Carbon steel versus stainless steel. Which is
better?
That was a classic question that I wondered about for 30 years. I finally had a
seminar with a metallurgist from a French steel mill, and he developed a machine to
test the sharpness of edges and the life of edges. The answer is that you can get a
carbon steel edge about 5% sharper while a stainless steel edge will last about 5%
longer. With stainless steel being tougher, it is harder to create the edge, so
stainless steel often gets a bad reputation because people can’t sharpen it correctly.
It is possible to get carbon steel 5% sharper, but you would never perceive that using
a knife. You need the scientific apparatus to bring out that difference. The practical
difference is it’s very easy to bring up an edge on carbon steel, so most people’s
carbon steel knives are sharper because they’re easier to resharpen. A carbon steel
knife responds very easily to a butcher’s steel; you have to work a little bit more
with a stainless steel knife.
I’m going to ask the question that’ll probably lead to the
gates of Hell: how do I sharpen a knife correctly?
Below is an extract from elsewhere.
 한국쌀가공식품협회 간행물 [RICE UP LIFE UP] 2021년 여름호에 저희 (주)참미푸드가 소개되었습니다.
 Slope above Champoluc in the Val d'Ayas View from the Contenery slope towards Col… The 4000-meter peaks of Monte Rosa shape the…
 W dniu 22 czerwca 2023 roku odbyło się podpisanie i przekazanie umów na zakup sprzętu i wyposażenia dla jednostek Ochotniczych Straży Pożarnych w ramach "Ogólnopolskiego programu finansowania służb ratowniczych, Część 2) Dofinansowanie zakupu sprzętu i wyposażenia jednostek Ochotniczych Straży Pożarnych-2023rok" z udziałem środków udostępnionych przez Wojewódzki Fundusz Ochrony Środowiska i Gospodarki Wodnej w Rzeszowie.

There are lots of ways to do it. Probably the best general-purpose way and what I
recommend to people is to use a diamond sharpening steel. The traditional serrated
butcher’s steel is a ½″ or ⅝″ rod with ridges running longitudinally. Those are now
being replaced by rods that are plated with diamond. The diamond rod brings up an edge
very quickly, because it’s hard enough to remove metal, creating a new edge.
An edge is actually a whole bunch of little burrs, sort of like hacksaw teeth that
are standing up, perpendicular to the back of the blade. When you cut, those little
burrs (here we call them feathers) roll over. The first thing
that happens when you swipe with a butcher’s steel is you stand those feathers up, and
you have a real good edge. After a time, they bend back and forth. They work-harden
and break off, like breaking a wire by twisting it until it work-hardens and snaps.
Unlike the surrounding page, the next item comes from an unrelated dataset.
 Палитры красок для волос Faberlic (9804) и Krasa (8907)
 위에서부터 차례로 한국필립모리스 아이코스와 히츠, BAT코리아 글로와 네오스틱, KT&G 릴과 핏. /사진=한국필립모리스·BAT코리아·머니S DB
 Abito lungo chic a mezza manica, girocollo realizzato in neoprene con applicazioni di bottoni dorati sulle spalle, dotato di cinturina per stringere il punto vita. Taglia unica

Then you have to create a new edge, new burrs, and the grit on a diamond steel is
perfect for that. That’s what the long serrations do on your regular butcher’s steel,
but it’s a lot easier to do with a diamond steel.
When
you run a knife edge along a steel, you stand up the burrs, and you start thinning
down the edge. I can do it with the back of a porcelain plate, or I can rub a knife on
a brick wall and bring up the edge, but a diamond steel is best.
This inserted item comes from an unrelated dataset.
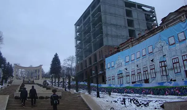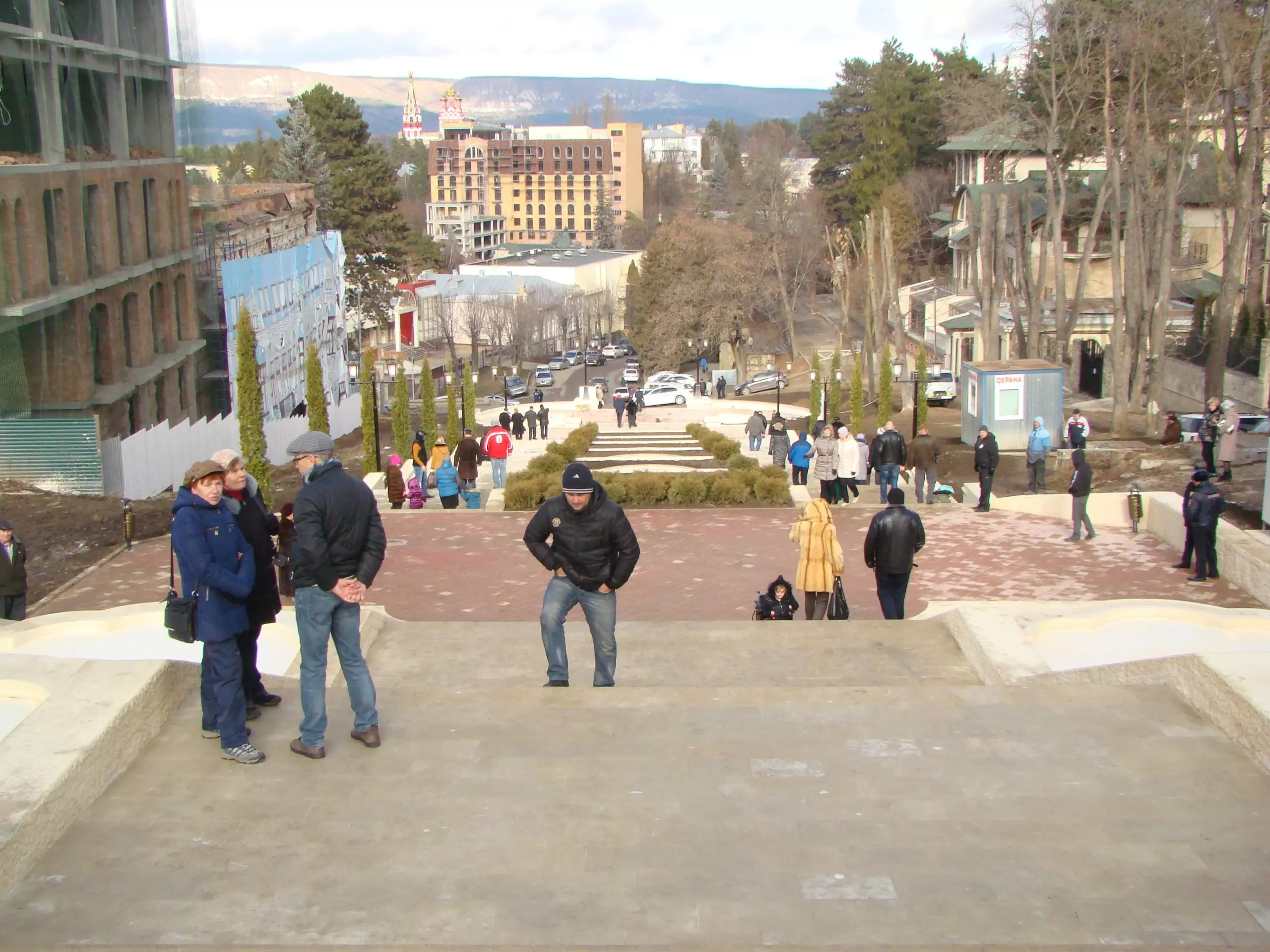 А сносить в Кисловодске есть чего! И сколько бы миллионов не вложило в возрождение города-курорта государство, если у новой местной власти не хватит мужества и настойчивости, чтобы навести порядок, все эти усилия, можно сказать, пойдут прахом. Как, например, уже получилось с Каскадной лестницей. Сколько денег, труда, энергии было вложено в ее реконструкцию, а в результате, сегодня, когда стоишь на самой ее вершине — смотровой площадке, то, прежде всего, замечаешь не прекрасную отделку обновленного памятника архитектуры и фонтаны с подсветкой, нет. Взгляд упирается в бетонный семиэтажный недострой, перекрывающий великолепную панораму на город, ради которой, собственно, и строилась Каскадная лестница. Помнится, как трудно было выбрать ракурс для торжественного фото в день, когда лестницу открывали после реконструкции. Как ни встань, в фокусе все равно оказывается серый бетонный монстр. Вполне понятны горечь и раздражение Валентины Матвиенко, удивлявшейся, почему местная власть до сих пор не смогла добиться, чтобы чужеродное сооружение было убрано. «Здание построено незаконно! – восклицала Матвиенко, — а администрация проиграла все суды. Почему?» И впрямь, почему? Почему оно вообще появилось в окружении памятников архитектуры, которыми застроен этот район города? Задавшись этим вопросом, мы выяснили немало интересных фактов.

I’ve made a lot of trips to China, and they have very primitive kitchens as far as
equipment, tools, and utensils go. They make do with the one basic knife. People call
it a cleaver, but it’s not really a cleaver. It’s a slicer and a spatula and a scraper
and everything else, but with that one knife, they stop and squat on the floor and
bring the edge back on a brick that’s in the floor. They keep those knives very, very
sharp. I learned in Chinese cooking how nicely things are sliced up counts as much as
the taste, the presentation, and the freshness of ingredients. All of that can be
ruined if you have cut raggedy chunks.
I would recommend either a diamond butcher steel or a whet stone. But a whet stone
takes more skill, more training to use. I would stay away from electric
sharpeners.
At some point the burrs snap off, and I presume that’s the
point at which one needs to actually grind down the edge of the knife to form a new
edge?
With a diamond steel, you’re doing grinding at the same time you’re straightening
up the edge. A traditional butcher’s steel isn’t hard enough to remove metal. The deal
with using a butcher’s steel is your steel has to be harder than the metal of the
blade you’re sharpening. Otherwise, you get nowhere, like using a common file to
smooth or shape metal. Your file won’t cut the metal if the file isn’t harder than the
metal it’s cutting. If you let your knife get very dull, bringing the edge back is a
real bear. If you give it a few strokes on a butcher’s steel every other day, or once
a week, or every time you go to put the knife in the drawer, then the knife is always
ready.
At what point is a knife effectively used up? [Buck shares
with me the photo shown below.] I cannot believe how much the bottom knife has been
sharpened away compared to the new knife on top. What’s the story with this actual
knife?
Whoever was resharpening that knife was very, very good. It came back to our
customer service people for replacement from a mom-and-pop butcher shop. I train our
sales force, and one of the questions they ask is how long is a knife useful. I show
them this. That’s pushing the ridiculous. I would think that that knife had seen about
five or six years of service.
We usually find in a restaurant that a knife is good for six to nine months. With
professional cutlery, and in particular with packing houses, they’ll need a wide blade
for breaking down a side of beef. They need a large curved knife, which we call a
cimeter steak knife. When it starts out life, it’s about 2 1/2″
wide, and when it gets down to about 1″ or 1 1/4″ wide, it’s no longer suitable for
breaking down the big sides of beef. So then they use it for the smaller cuts, and
call it a breaking knife. When they wear it down to about under
an inch, they use it as a boning knife.
So these knives actually go to a series of different
lives? As they get smaller from sharpening, they get repurposed and
reused?
They get narrower, and they get shorter. People find different applications for
them. The poultry industry still does that. What I’m talking about is mostly pre-WWII.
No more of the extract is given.